Fear and Loathing on Wall Street

September 17, 2007 (LPAC)--Quarterly reports from Lehman Brothers and Morgan Stanley are due on Tuesday, Goldman Sachs and Bear Stearns on the 20th. The tea leaf readers are already nervous. Goldman Sachs' numbers will look great, they say, up 33%, but that is only because of a sale of Horizon Wind Energy "power" company. Their #1 fund lost 22% last month, and they are looking at $1.6 billion in investor withdrawal claims, which could sink some funds completely.
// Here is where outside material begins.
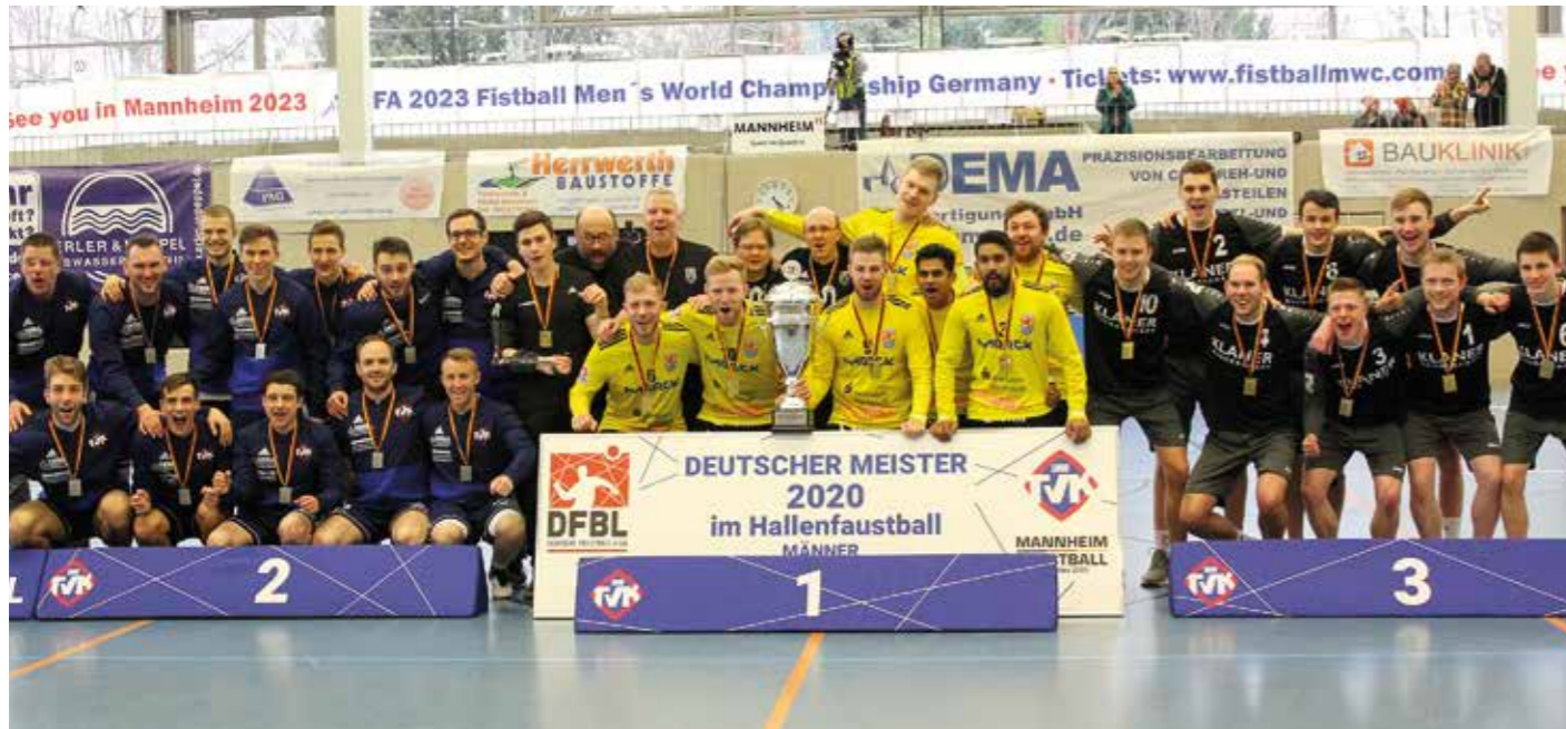
Pfungstadt, Käfertal und der TV Brettorf feiern den Gewinn der Medaillen.
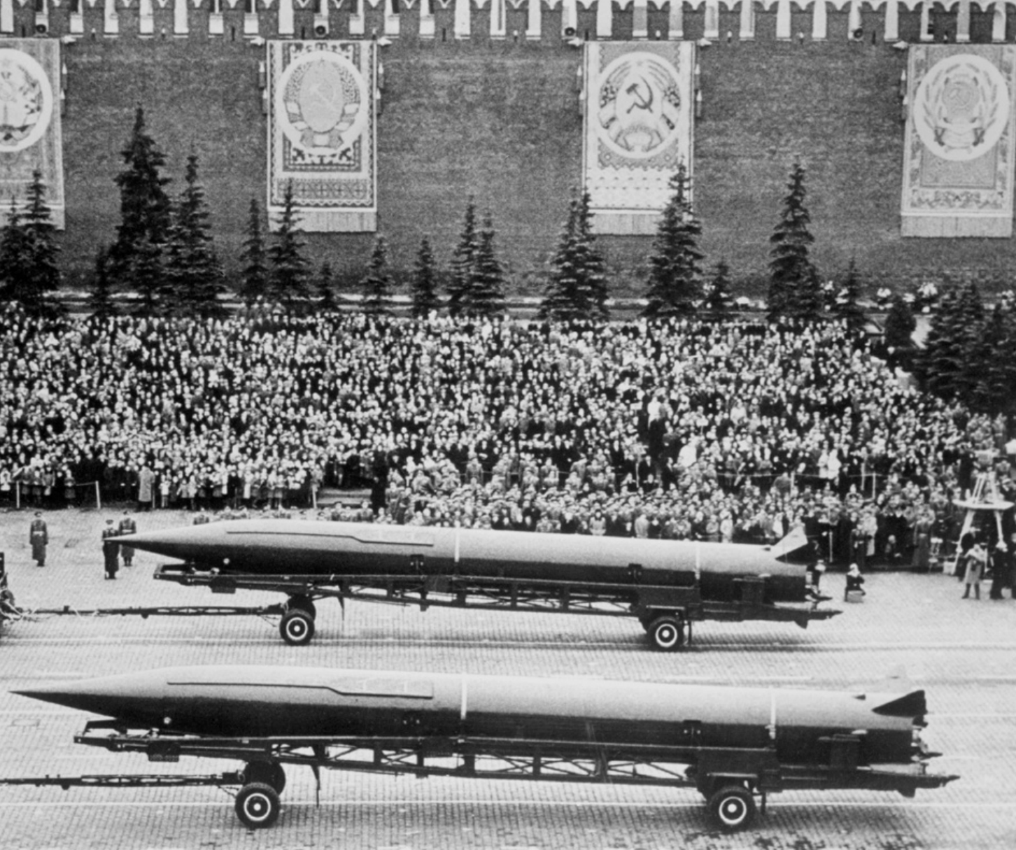
Het opzetten van stay-behind-netwerken is begrijpelijk als wordt gekeken naar de angst die heerste voor de 'rode springvloed': angst voor bezetting door de Sovjet-Unie

een aanval tegen hen allen. 4 Het opbouwen van een krijgsmacht die zich tegen een mogelijke conventionele invasie door het Warschaupact (al dan niet gesteund met nucleaire middelen) teweer kon stellen was hierbij van het grootste belang. Er waren echter ook Europese beleidsmakers bij die een stap verder dachten. Zij troffen op eigen initiatief voorbereidingen op het ergst mogelijke: een communistische bezetting van West-Europa. Hiertoe zetten nationale overheden stay-behind-netwerken op, die hun in staat zouden stellen zich te weren tegen het communisme, zelfs als de NAVO-troepen in Europa verslagen zouden zijn. De nationale verzetswerken werden verenigd binnen de NAVO.

BS (Bear Stearns) is expected to report 41% drop in earnings, MS an 11% drop, and Lehman Brothers is likely to be down 5.1%. Asset-backed earnings were down 36% overall, and LBOs, which had generated $8.4B in the first half of the year, collapsed completely in August. This is all from a survey of analysts done by Bloomberg.

Of particular concern are the figures for leveraged buy-out leader Lehman. If the analysts are right (and their track record is not that great here), it could be their worst year-on-year earnings decline for Lehman since the second quarter of 2005. Lehman has fallen 24% so far this year, which would be the firm's steepest drop since it went public in 1994. Goldman has fallen 4.4%, the biggest decline since 2002, and Morgan Stanley is down 2.2%. When Goldman's fluke increase is excluded, "it becomes the biggest drop since the fourth quarter of 2001," according to Bloomberg.